Original poster: "jimmy hynes by way of Terry Fritz <teslalist-at-qwest-dot-net>" <chunkyboy86-at-yahoo-dot-com>

I put the pspice file on my site 
(<http://www.hot-streamer-dot-com/chunkyboy86>www.hot-streamer-dot-com/chunkyboy86).

The rise time is limited by coupling, so by lowering the coupling to 0.01, 
I force the rise time to be slow. It also gives more energy transfer 
because it allows more cycles to transfer energy. By raising the impedance 
untill I get to the same energy transfer, I get a bigger M.
  (same energy/(1/2*I^2)*2t).

I think "M" should be redefined as energy/(rms*time), because bigger 
systems using more IGBTs would have lower resistances, and should get 
credit for it. The voltage drop across the IGBTs would be the same in a big 
and small system, otherwise you're using too many(or too few) IGBTs on one 
of them. Using rms current would be more fair to big coils with many IGBTs.
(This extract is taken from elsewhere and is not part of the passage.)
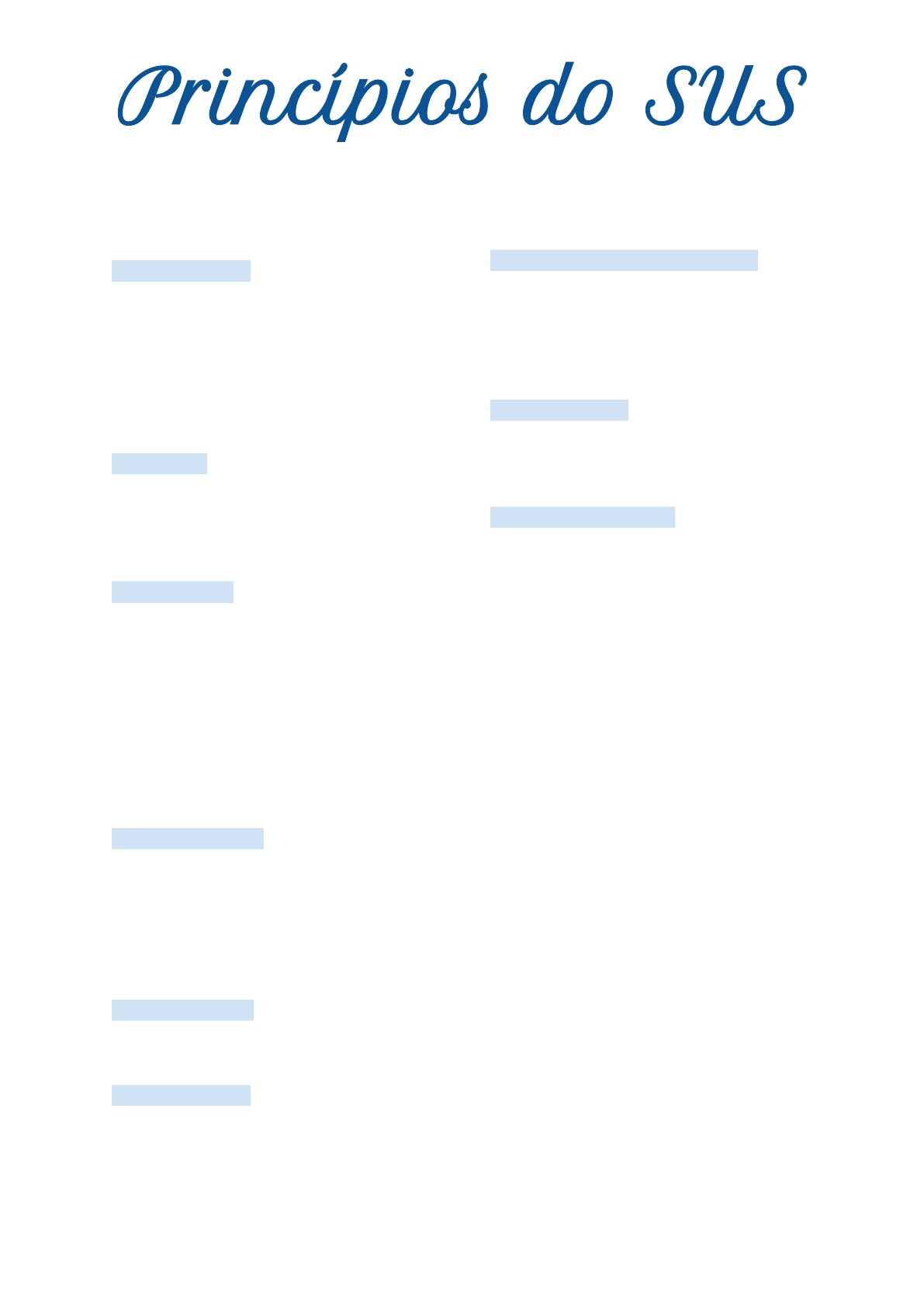 Princípi�s do SUS Princípios Doutrinários do SUS: Universalidade: ● Acesso universal ● Direito de todos (inclusive de estrangeiros) ● Acesso a todos os níveis de atenção via redes de atenção ● Porta principal de acesso: Atenção Básica (UBS) Equidade: ● Justiça social ● Reconhecer as diferenças ● Dar mais para quem precisa mais Integralidade: ● Atendimento em todos os níveis de atenção ● Atendimento da pessoa como um todo ● Atendimento em todas as necessidades no ciclo de vida Princípios Organizativos do SUS: Descentralização: o poder e a responsabilidade sobre o setor são distribuídos entre os três níveis de governo, objetivando uma prestação de serviços com mais eficiência e qualidade e também a fiscalização e o controle por parte da sociedade. Regionalização: delimitação (recorte espacial) de uma base territorial para o sistema de saúde. Hierarquização: organização das unidades segundo grau de complexidade tecnológica dos serviços, isto é, o estabelecimento de uma rede que articula as unidades mais simples às unidades mais complexas, através de um sistema de referência (SR) e contrarreferência (CR) de usuários e de informações. Participação e controle social: atores sociais historicamente não incluídos nos processos decisórios do país participam, com o objetivo de influenciarem a definição e a execução da política de saúde. Resolutividade: possibilidades de resolução dos problemas de saúde dentro dos níveis de complexidade as quais foram detectadas. Complementaridade: quando o setor público for insuficiente, o setor privado deve suplementar, dando preferência aos serviços não lucrativos, seguindo os mesmos princípios de regionalização, hierarquização, universalidade e equidade do SUS. Níveis de atenção à saúde: Atenção primária: Unidade básica de saúde ● Saúde individual, coletiva e familiar ● Porta de entrada do sistema para os níveis superiores ● Equipe multiprofissional ● Dirigida à população em território definido Atenção secundária: Serviços ambulatoriais ● Média complexidade ● Assistência especializada clínica e cirúrgica ● Procedimentos ambulatoriais ● UPA / AME (ambulatório médico especializado) / SAMU Atenção Terciária: Serviços hospitalares de maior complexidade ● Hospitais ● Cirurgias e internações ● Procedimentos de alto custo ● Diálise / Trauma / Eletrofisiologia Medicina Centrada no Paciente (MCP) ou Método Clínico Centrado na Pessoa (MCCP) Modelo de atendimento médico usado para garantir que as características das pessoas sejam levadas em consideração. Medicina baseada em evidências. Vantagens: o Maior satisfação do médico e do doente o Maior adesão ao tratamento o Melhor autoavaliação de saúde o Menos reclamações por negligência médica Expectativa do paciente em relação ao atendimento médico: o Que avalie a razão principal da consulta e se preocupe com suas necessidades Que procure entender o seu mundo como um todo (doença e necessidades emocionais) o o Que o tratamento seja um comum acordo o Que o relacionamento entre médico e paciente melhore Seis componentes do MCCP: 1) Explorando a doença e a experiência com a doença o História clínica, exames físicos e laboratoriais 2) Entendendo a pessoa como um todo o Contexto de vida e familiar, cultura e comunidade 3) Elaborando um plano conjunto de manejo dos problemas o Objetivo de tratamento/ manejo da doença 4) Incorporando prevenção e promoção de saúde o Melhora da saúde, prevenção de riscos, redução das complicações 5) Intensificando o relacionamento entre pessoa e médico o Compaixão, cura, consciência de si 6) Sendo realista o Tempo, administração sensata dos recursos O MCCP pode ser visto como um movimento para trazer a prática médica e o ensino de volta ao centro, para reconciliar a medicina clínica com a existencial. Política Nacional de Atenção Básica 2017 (PNAB) Conjunto de ações de saúde individuais, familiares e coletivas que envolvem promoção, prevenção, proteção, diagnóstico, tratamento, reabilitação, redução de danos, cuidados paliativos e vigilância em saúde. Será ofertada integralmente e gratuitamente a todas as pessoas, de acordo com as necessidades e demandas do território, considerando os determinantes e condicionantes da saúde. É proibida qualquer exclusão baseada em idade, gênero, raça/cor, etnia, crença, nacionalidade, orientação sexual, identidade de gênero, estado de saúde, condição socioeconômica, escolaridade, limitação física, intelectual, funcional e outras. A integração entre a Vigilância em Saúde e Atenção Básica é condição essencial para o alcance de resultados que atendam às necessidades de saúde da população, e visa estabelecer processos de trabalho que consideram os determinantes, os riscos e os danos à saúde. Todas as UBS são consideradas potenciais espaços de educação, formação de recursos humanos, pesquisa, ensino em serviço, inovação e avaliação tecnológica. Estratégia Saúde da Família Reorganização do setor da saúde, substituindo o modelo tradicional e levando a saúde para mais perto das famílias, visando melhorar a vida dos brasileiros. -1991: Programa Agentes Comunitários de Saúde (PACS) - no nordeste -1994: Programa Saúde da Família (PSF) -2006: Estratégia Saúde da Família (ESF) – reorganização da atenção primária • Realiza atividades nas residências • O agente comunitário é um elo com a comunidade • Atenção focada na saúde e não na doença • Troca de saberes profissionais com os saberes populares Equipe mínima: 1 médico, 1 enfermeiro, 2 auxiliares/ técnico de enfermagem. Os agentes comunitários devem residir na área de atuação. Pode ter também 1 dentista + 1 auxiliar de saúde bucal. Núcleo Ampliado de Saúde da Família e Atenção Básica (NASF) Atuam como parceria com o

The fact that the loss is proportional to current squared is taken into 
acount by using rms instead of mean current. The only thing that really 
affects that is the rf envelope, because we all have sinusoidal current 
waveforms. Basically, it gives you a better M if you spend the whole burst 
at your peak current with a rms/mean ratio of 1, instead of a spikey 
envelope with a terrible rms/mean ratio.

Using your definition for M, I get M=1.3 -at- k=0.28 and M=.56 -at- k=0.1 (same 
primary impedence). For k=0.28 the numbers are 3.7 joules ~210 amps rms and 
62 useconds. For k=0.1 the numbers are 30 joules 550 amps rms and 168 useconds.

Tesla list <tesla-at-pupman-dot-com> wrote:
Original poster: "Stephen Conner by way of Terry Fritz "


 > I have a matlab model, and a pspice model if you want to play with it.

Yes please (pspice that is because I don't have matlab)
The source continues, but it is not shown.